I just cancelled my DirecTv service in favor of UVerse. So far, I'm enjoying UVerse tremendously.

I still have a 5LNB dish mounted on the side of my house. Is the dish capable of doing anything without the associated service? i.e. can it be used for regular OTA like rabbit ears? how do I test?

Thanks,
David


----------



## JoeTheDragon (Jul 21, 2008)

davidyal said:


> Apologies if this is a FAQ...I couldn't find an answer.
> 
> I just cancelled my DirecTv service in favor of UVerse. So far, I'm enjoying UVerse tremendously.
> 
> ...


Have you hit the u-verse two HD + two SD at one time limit? also $7 per box is high.


----------



## bakers12 (May 29, 2007)

I'm sorry to tell you but where you're located, the dish isn't worth a thing. If you were up north like me, you might be able to pull off the mounting brackets and use the dish to scoot down snowy hills on your butt.

Assuming that's not practical, you've got some recyclable aluminum there.

You can pull the dish and mast off the mounting bracket to cut down on eye clutter.

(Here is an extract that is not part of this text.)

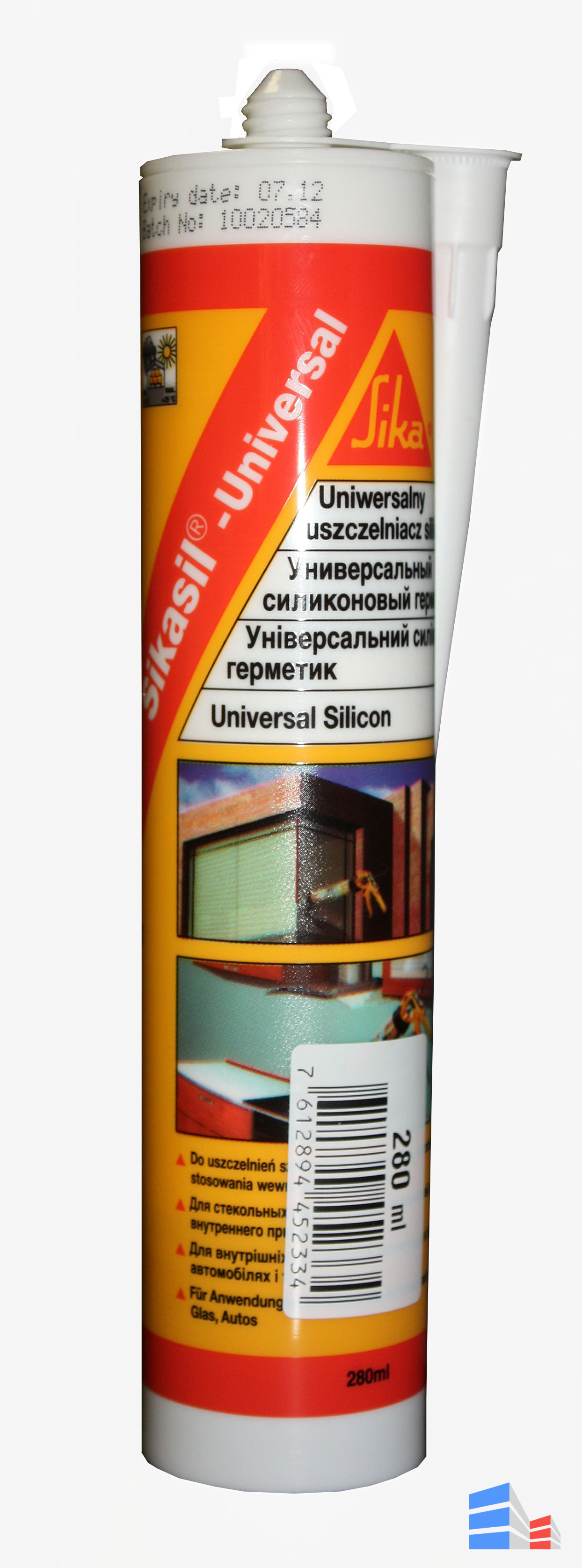 Застосування. Герметик Sikasil Universal підходить для різних гладких поверхонь (наприклад скло, кераміка, алюміній). Для внутрішніх та зовнішніх робіт при склінні вікон та віконних рам, встановлення вентиляційних систем, ванн, душових кабін тощо. буд.

If you want to take the mounting bracket and all, put some good sealer in and around the holes to prevent leaks.


----------



## P Smith (Jul 25, 2002)

Or sell it on eBay or Craigslist.


----------



## bcrab (Mar 7, 2007)

Bird bath


----------



## carl6 (Nov 16, 2005)

Do be sure you return your receivers properly (assuming they were leased which most are), or you will find a hefty bill from DirecTV for the full retail price for them.

The dish however is not returned. You can do with it as you please. You might find a local buyer on craigslist. Probably not worth trying to ship it anyplace.


----------



## djrobx (Jan 27, 2009)

> also $7 per box is high.


Considering you don't have to buy the equipment, and that they are automatically "Total home DVR" clients, $7 is a good value. Time Warner and Comcast charged me a FORTUNE for secondary boxes.


----------



## wingrider01 (Sep 9, 2005)

djrobx said:


> Considering you don't have to buy the equipment, and that they are automatically "Total home DVR" clients, $7 is a good value. Time Warner and Comcast charged me a FORTUNE for secondary boxes.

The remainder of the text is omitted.